The Quaternary Period, the current and most …
Years: 2599821BCE - 2350990BCE
The Quaternary Period, the current and most recent of the three periods of the Cenozoic Era in the geologic time scale of the International Commission on Stratigraphy (ICS), follows the Neogene Period and spans from 2.588 ± 0.005 million years ago to the present.
Typically defined by the cyclic growth and decay of continental ice sheets driven by Milankovitch cycles and the associated climate and environmental changes that occurred, the Quaternary Period is divided into two epochs: the Pleistocene and the Holocene (eleven thousand seven hundred years ago to today).
The Pleistocene spans the world's recent period of repeated glaciations.
With the onset of the Quaternary glaciation, the first of the several ice ages to follow, decreasing oceanic evaporation results in a drier climate in East Africa and an expansion of the savanna at the expense of forests.
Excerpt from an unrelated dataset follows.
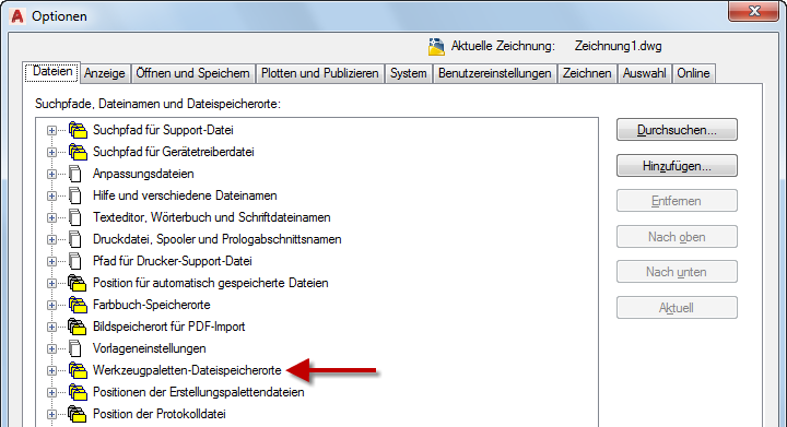 Werkzeugpalettendateien enthalten standardmäßige und benutzerdefinierte Werkzeuge. Die Dateien sind an den Speicherorten abgelegt, die von der Einstellung Werkzeugpaletten-Dateispeicherorte angegeben werden.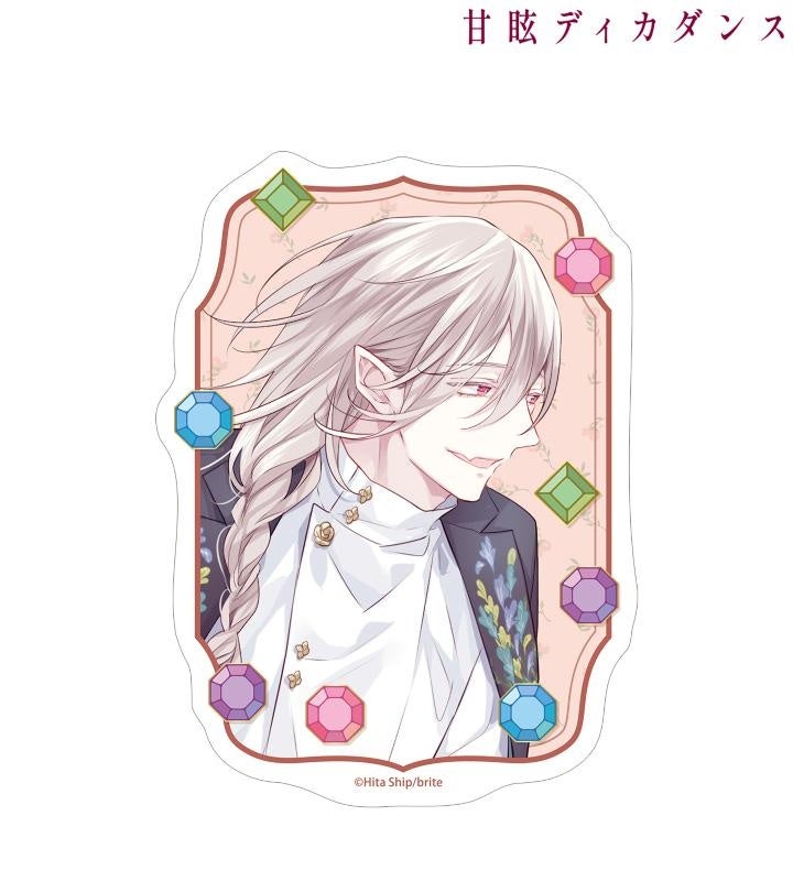緋汰しっぷ先生描き下ろしイラストのロズ、ユイネをお花と宝石風の飾りと組み合わせ、ダイカットのステッカーに仕上げました。

Reduced availability of fruits forces some Australopithecines to unlock new food sources found in the drier savanna climate, representing a move from the mostly frugivorous or omnivorous diet of Australopithecus to the carnivorous scavenging lifestyle of early Homo.
Paranthropus species are still present in the beginning of the Pleistocene, along with early human ancestors, but they disappear during the lower Paleolithic.
The Lower Paleolithic, the earliest subdivision of the Paleolithic or Old Stone Age, begins around two and a half million million years ago when the first evidence of craft and use of stone tools by hominids appears in the current archaeological record.
The genus Homo, which includes modern humans and species closely related to them, is estimated to be about two point three to two point four million years old, evolving from australopithecine ancestors with the appearance of Homo habilis.
Specifically, H. habilis is considered the direct descendant of Australopithecus garhi, a gracile species that lived about two and a half million years ago.
The most salient physiological development between the two species is the increase in cranial capacity, from about four hundred and fifty cubic centimeters (twenty-seven cubic inches) in A. garhi to six hundred cubic centimeters (thirty-seven cubic inches) in H. habilis.